Information provided:

=== Section Start ===

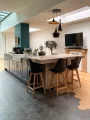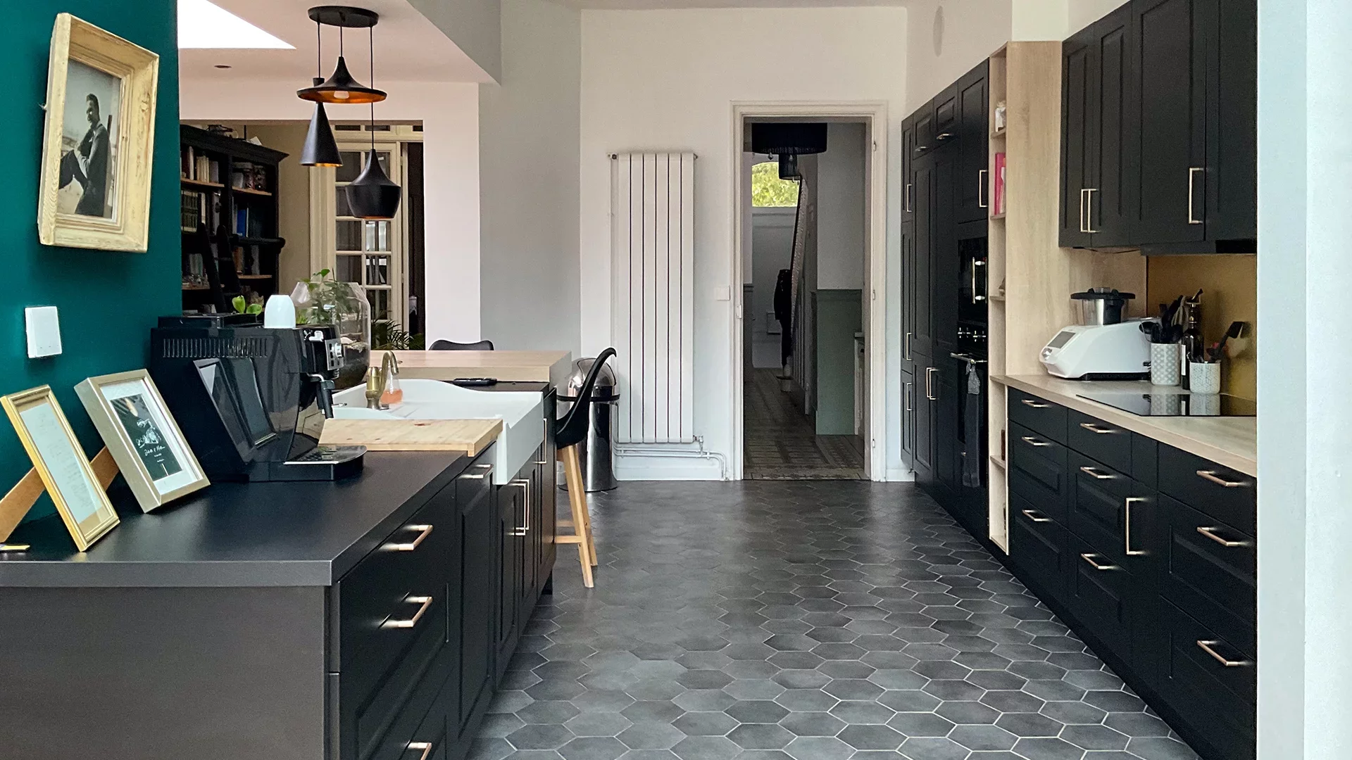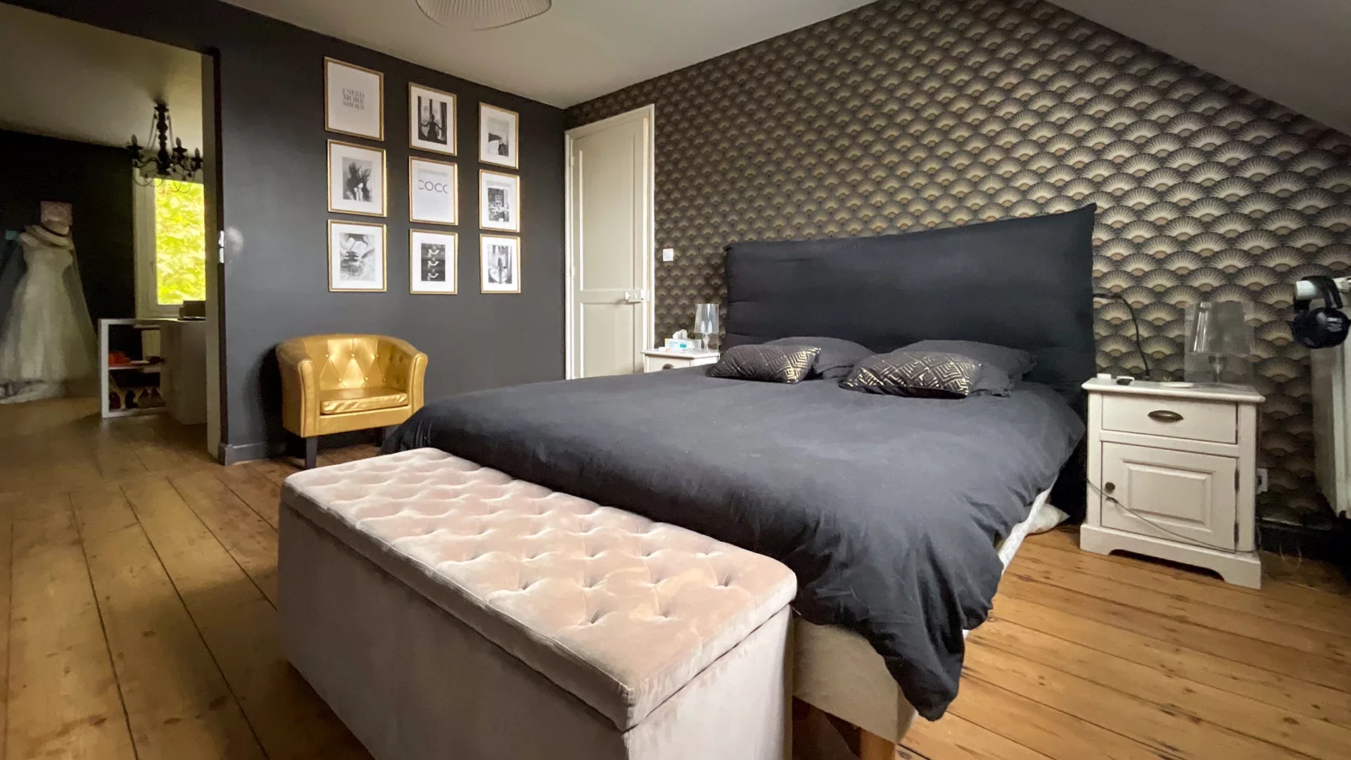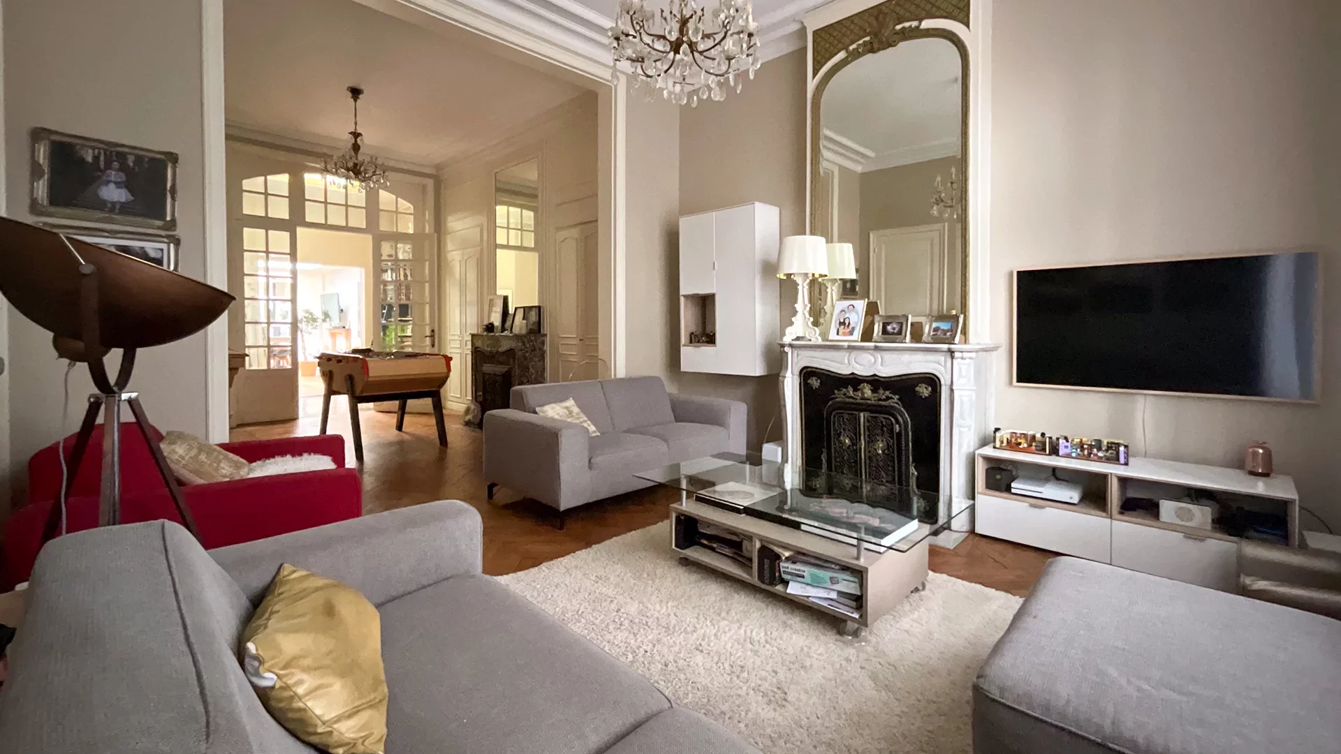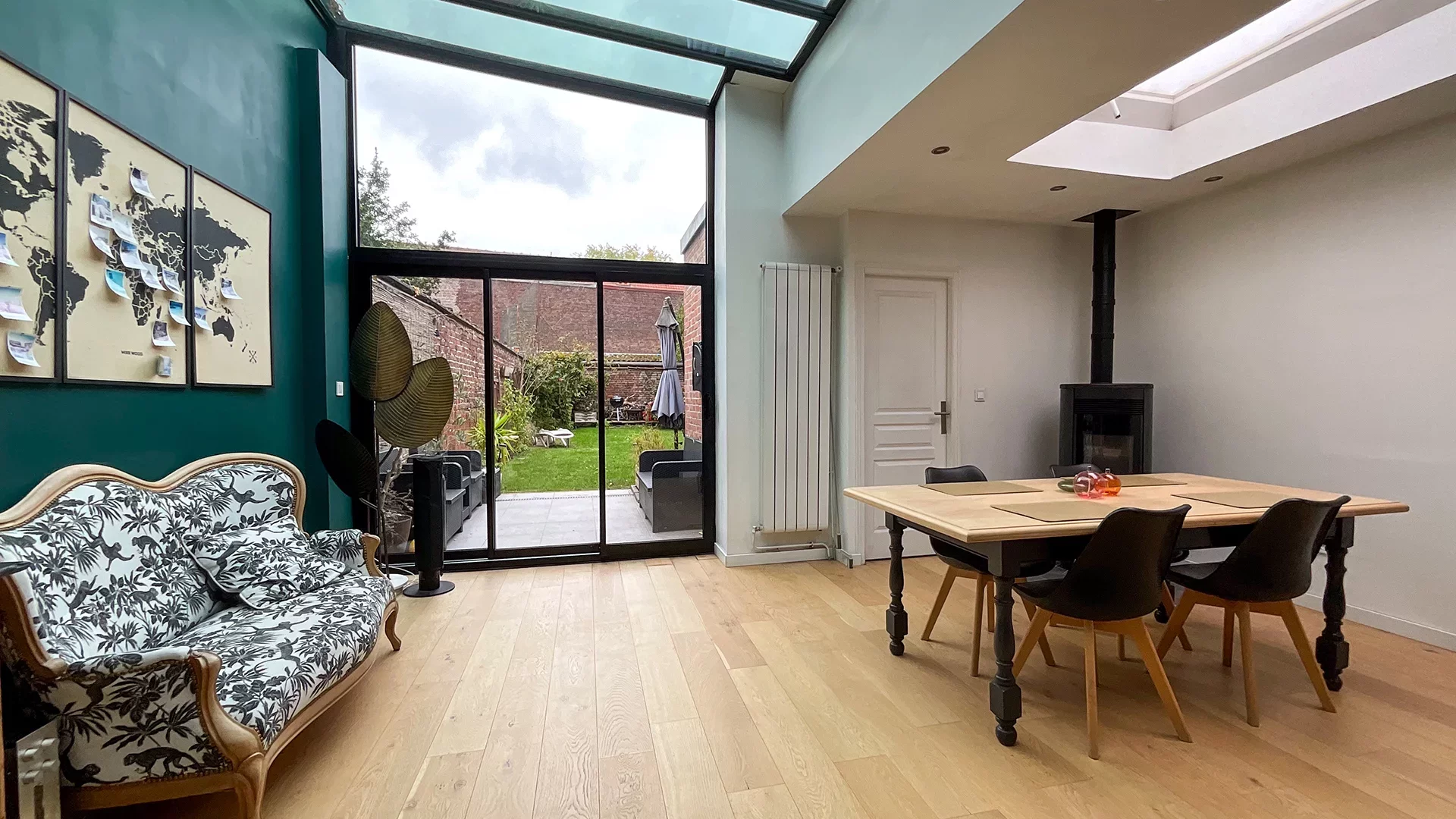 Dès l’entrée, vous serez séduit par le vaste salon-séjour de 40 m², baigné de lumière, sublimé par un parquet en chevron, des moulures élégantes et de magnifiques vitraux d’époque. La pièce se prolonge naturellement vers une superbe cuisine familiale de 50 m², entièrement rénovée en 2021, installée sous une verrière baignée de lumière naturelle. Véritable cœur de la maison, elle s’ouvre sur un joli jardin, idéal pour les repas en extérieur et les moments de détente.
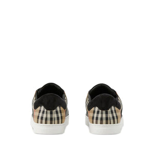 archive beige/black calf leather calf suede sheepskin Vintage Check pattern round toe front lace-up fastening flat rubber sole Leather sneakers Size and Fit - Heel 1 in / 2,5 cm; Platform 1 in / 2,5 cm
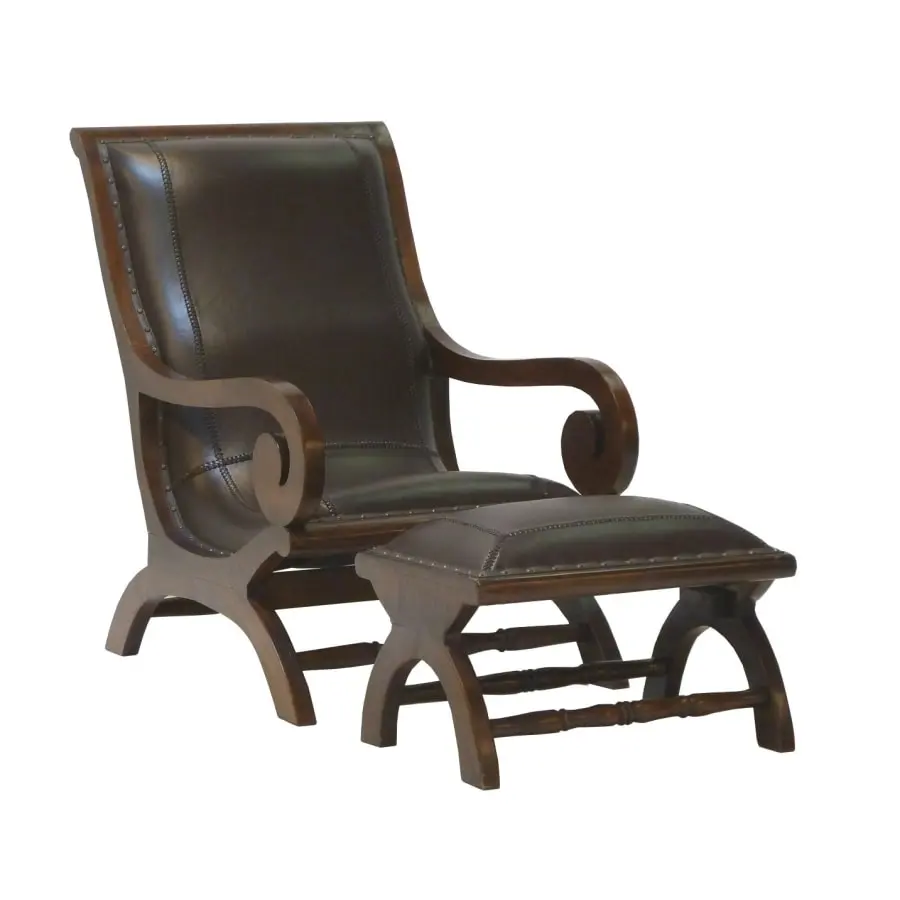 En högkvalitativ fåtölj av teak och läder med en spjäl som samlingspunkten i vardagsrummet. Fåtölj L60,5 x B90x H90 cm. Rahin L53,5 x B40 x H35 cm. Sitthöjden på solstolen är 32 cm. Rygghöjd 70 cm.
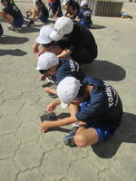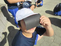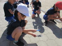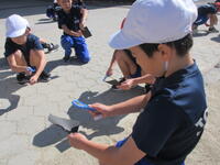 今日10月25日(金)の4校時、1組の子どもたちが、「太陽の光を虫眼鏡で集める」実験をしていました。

=== Section End ===

Required work: The expected answer is the listing above, duplicated exactly, with its pictures removed.

Response to the task:
 Dès l’entrée, vous serez séduit par le vaste salon-séjour de 40 m², baigné de lumière, sublimé par un parquet en chevron, des moulures élégantes et de magnifiques vitraux d’époque. La pièce se prolonge naturellement vers une superbe cuisine familiale de 50 m², entièrement rénovée en 2021, installée sous une verrière baignée de lumière naturelle. Véritable cœur de la maison, elle s’ouvre sur un joli jardin, idéal pour les repas en extérieur et les moments de détente.
 archive beige/black calf leather calf suede sheepskin Vintage Check pattern round toe front lace-up fastening flat rubber sole Leather sneakers Size and Fit - Heel 1 in / 2,5 cm; Platform 1 in / 2,5 cm
 En högkvalitativ fåtölj av teak och läder med en spjäl som samlingspunkten i vardagsrummet. Fåtölj L60,5 x B90x H90 cm. Rahin L53,5 x B40 x H35 cm. Sitthöjden på solstolen är 32 cm. Rygghöjd 70 cm.
 今日10月25日(金)の4校時、1組の子どもたちが、「太陽の光を虫眼鏡で集める」実験をしていました。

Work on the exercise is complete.